Ultimately, Hill doesn’t have a neat answer to that question. Nor does she have an answer to questions that she poses in her book, like: “Did I unintentionally perpetuate any of the abusive behaviors I myself had endured for so long?” And: “How many people did I hurt because of it all?” Hill’s grief and guilt linger — about the relationship with her staffer, about her brother, about the fact that her House seat has gone to a Republican again — even though she is working on herself every day. But she has been able to turn these depths of despair into action, which has helped her heal.
One of the ways she’s working through her trauma is helping other women find their voices and speak out against injustice. Since resigning, Hill has launched a PAC called HER Time, through which she is helping women candidates run for office, particularly young women and women of color. She is also at work on the Naked Politics podcast, which launches later this month. But will she ever run for office again? “I’m not writing anything off,” she said, but also made it clear that now is not the time.
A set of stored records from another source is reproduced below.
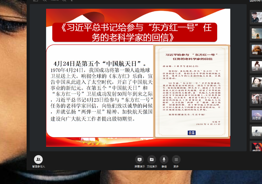 4月24日是第五个“中国航天日”。1970年4月24日,我国成功将第一颗人造地球卫星送上天。响彻全球的《东方红》乐曲,宣告中国从此进入了太空时代,开启了中国航天事业的新纪元。在第五个“中国航天日”和“东方红一号”卫星成功发射50周年到来之际,习近平总书记4月23日给参与“东方红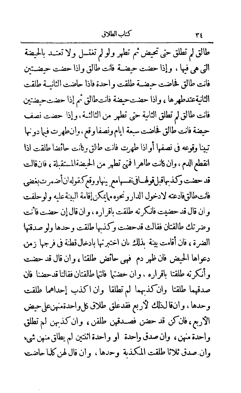 طالق لم تطلق حتى تحيض ثم تطهر ولو لم تغتسل ولا تعتد بالحيضة التي هي فيها وإذا حضت حيضة فأنت طالق وإذا حضت حيضتين فأنت طالق فحاضت حيضة طلقت واحدة فإذا حاضت الثانية طلقت الثانية عتد طهرها وإذا حضت حيضة فأنت طالق ثم إذا حضت حيضتين فأنت طالق لم تطلق الثانية حتى تطهر من الثالثة وإذا حضت نصف حيضة فأنت طالق فحاضت سبعة أيام ونصفا وقع وإن طهرت فيما دونها تبينا وقوعه في نصفها أو إذا طهرت فأنت طالق وكانت حائضا طلقت إذا انقطع الدم وإن كانت طاهرا فمتى تطهر من الحيضة المستقبلة فإن قالت قد حضت وكذبها قبل قولها في نفسها مع تبيينها ووقع كقوله إن أضمرت بغضي فأنت طالق فادعته لا دخول الدار ونحوه مما يمكن إقامة البينة عليه ولو حلفت وإن قال قد حضيت فأنكرته طلقت بإقراره وإن قال إن حضت فأنت وضرتك طالقتان فقالت قد حضت وكذبها طلقت وحدها ولو صدقتها الضرة فإن أقامت بينة بذلك بأن اختبرتها بإدخال قطنة في فرجها زمن دعواها الحيض فإن ظهر دم فهي حائض طلقتا وإن قال قد حضت وأنكرته طلقتا بإقراره وإن حضتما فأنتما طالقتان فقالتا قد حضنا فإن صدقهما طلقتا وإن كذبهما لم تطلقا وإن أكذب إحداهما طلقت وحدها وإن قال ذلك لأربع فقد علق طلاق كل واحدة منهن على حيض الأربع فإن كن قد حضن فصدقهن طلقن وإن كذبهن لم تطلق واحدة منهن وإن صدق واحدة أو واحدة اثنتين لم يطلق منهن شيء وإن صدق ثلاثا طلقت المكذبة وحدها وإن قال لهن كلما حاضت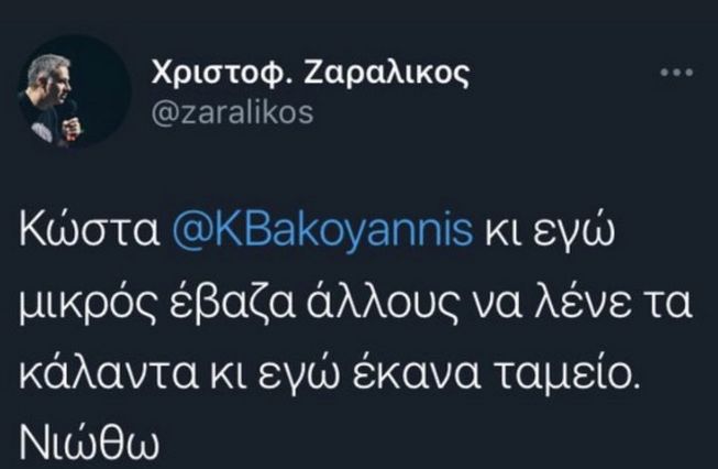 Ο λογαριαμός του Χριστόφορου Ζαραλίκου στο twitter "έπεσε" ανήμερα την Πρωτοχρονιά. Τι ανέφερε για τον Κώστα Μπακογιάννη στο τελευταίο του tweet ο Ελληνας κωμικός.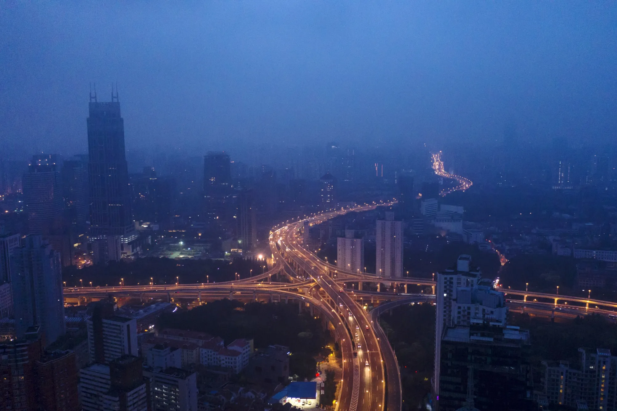 雾霾笼罩着2019年8月的上海高速公路和建筑。

She is, however, living in D.C. and has been seen around Capitol Hill, an indication that she could be sticking around politics for the long haul.
Through telling her story in her book, launching her PAC, and starting a podcast, Hill is slowly learning about who she is as a person without her ex. She knows there are people who want to stop not only her, but also all women who are vocal about their experiences. But she also knows that her fight is bigger than her opponents. “I think what some people want is for me to disappear,” Hill told me. “That’s a decision I’ve chosen not to make.”